# Exercise directions
Every line of the records below from the line with "Crystal Ball #3" up to and including the line with "Check out how" must be reproduced exactly, and no line outside that range.

(Recorded data)
________________________________________

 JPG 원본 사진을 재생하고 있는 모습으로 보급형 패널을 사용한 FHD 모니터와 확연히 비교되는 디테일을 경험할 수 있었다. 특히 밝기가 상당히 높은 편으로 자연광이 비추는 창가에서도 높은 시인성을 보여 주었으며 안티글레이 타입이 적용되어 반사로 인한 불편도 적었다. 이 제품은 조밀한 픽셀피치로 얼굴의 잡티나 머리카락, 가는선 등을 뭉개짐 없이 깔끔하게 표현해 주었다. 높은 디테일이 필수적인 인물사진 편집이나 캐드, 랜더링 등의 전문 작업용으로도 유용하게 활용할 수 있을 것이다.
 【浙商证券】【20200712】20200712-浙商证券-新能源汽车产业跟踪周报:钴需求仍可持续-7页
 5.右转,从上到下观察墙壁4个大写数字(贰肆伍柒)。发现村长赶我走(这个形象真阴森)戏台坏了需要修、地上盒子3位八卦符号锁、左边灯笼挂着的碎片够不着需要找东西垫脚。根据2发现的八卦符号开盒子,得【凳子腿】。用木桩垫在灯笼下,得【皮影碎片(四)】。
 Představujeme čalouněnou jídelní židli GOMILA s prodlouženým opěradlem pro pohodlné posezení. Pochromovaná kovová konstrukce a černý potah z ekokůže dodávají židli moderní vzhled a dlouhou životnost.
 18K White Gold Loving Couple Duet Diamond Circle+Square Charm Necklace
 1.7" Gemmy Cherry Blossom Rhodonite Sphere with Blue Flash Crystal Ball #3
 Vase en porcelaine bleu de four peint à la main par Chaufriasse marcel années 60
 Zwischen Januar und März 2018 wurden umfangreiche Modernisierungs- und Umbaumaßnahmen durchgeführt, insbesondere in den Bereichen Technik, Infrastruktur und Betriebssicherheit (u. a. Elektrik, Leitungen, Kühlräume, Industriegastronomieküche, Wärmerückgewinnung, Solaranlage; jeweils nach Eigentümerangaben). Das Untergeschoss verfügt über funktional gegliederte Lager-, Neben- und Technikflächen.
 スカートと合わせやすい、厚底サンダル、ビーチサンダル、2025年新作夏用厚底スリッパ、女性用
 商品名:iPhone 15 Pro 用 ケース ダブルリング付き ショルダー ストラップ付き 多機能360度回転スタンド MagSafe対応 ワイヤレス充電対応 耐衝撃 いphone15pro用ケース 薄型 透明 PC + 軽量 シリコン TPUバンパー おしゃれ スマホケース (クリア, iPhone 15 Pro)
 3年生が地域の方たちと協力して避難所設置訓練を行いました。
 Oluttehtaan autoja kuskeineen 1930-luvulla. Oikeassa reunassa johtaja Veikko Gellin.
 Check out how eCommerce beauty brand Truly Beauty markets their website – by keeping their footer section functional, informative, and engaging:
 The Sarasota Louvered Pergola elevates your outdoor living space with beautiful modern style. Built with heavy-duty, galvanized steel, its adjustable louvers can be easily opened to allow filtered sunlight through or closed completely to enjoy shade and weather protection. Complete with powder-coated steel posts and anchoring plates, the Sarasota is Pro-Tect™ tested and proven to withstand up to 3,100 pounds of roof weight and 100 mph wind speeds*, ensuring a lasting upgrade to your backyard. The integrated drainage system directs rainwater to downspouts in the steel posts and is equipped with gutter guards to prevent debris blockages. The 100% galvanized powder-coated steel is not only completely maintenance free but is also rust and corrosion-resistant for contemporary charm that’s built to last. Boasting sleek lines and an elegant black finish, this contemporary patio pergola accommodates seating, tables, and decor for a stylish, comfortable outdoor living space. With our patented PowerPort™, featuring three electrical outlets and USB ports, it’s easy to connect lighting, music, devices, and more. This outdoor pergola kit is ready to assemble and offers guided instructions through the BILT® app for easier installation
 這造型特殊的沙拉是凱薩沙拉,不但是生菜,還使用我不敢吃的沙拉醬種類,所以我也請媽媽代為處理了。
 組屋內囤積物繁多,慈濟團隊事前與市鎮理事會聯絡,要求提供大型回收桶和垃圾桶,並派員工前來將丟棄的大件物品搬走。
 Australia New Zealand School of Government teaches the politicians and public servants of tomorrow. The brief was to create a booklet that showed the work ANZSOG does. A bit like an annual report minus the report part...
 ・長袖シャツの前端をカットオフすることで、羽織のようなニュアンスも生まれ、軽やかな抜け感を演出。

________________________________________

# Response area
 1.7" Gemmy Cherry Blossom Rhodonite Sphere with Blue Flash Crystal Ball #3
 Vase en porcelaine bleu de four peint à la main par Chaufriasse marcel années 60
 Zwischen Januar und März 2018 wurden umfangreiche Modernisierungs- und Umbaumaßnahmen durchgeführt, insbesondere in den Bereichen Technik, Infrastruktur und Betriebssicherheit (u. a. Elektrik, Leitungen, Kühlräume, Industriegastronomieküche, Wärmerückgewinnung, Solaranlage; jeweils nach Eigentümerangaben). Das Untergeschoss verfügt über funktional gegliederte Lager-, Neben- und Technikflächen.
 スカートと合わせやすい、厚底サンダル、ビーチサンダル、2025年新作夏用厚底スリッパ、女性用
 商品名:iPhone 15 Pro 用 ケース ダブルリング付き ショルダー ストラップ付き 多機能360度回転スタンド MagSafe対応 ワイヤレス充電対応 耐衝撃 いphone15pro用ケース 薄型 透明 PC + 軽量 シリコン TPUバンパー おしゃれ スマホケース (クリア, iPhone 15 Pro)
 3年生が地域の方たちと協力して避難所設置訓練を行いました。
 Oluttehtaan autoja kuskeineen 1930-luvulla. Oikeassa reunassa johtaja Veikko Gellin.
 Check out how eCommerce beauty brand Truly Beauty markets their website – by keeping their footer section functional, informative, and engaging:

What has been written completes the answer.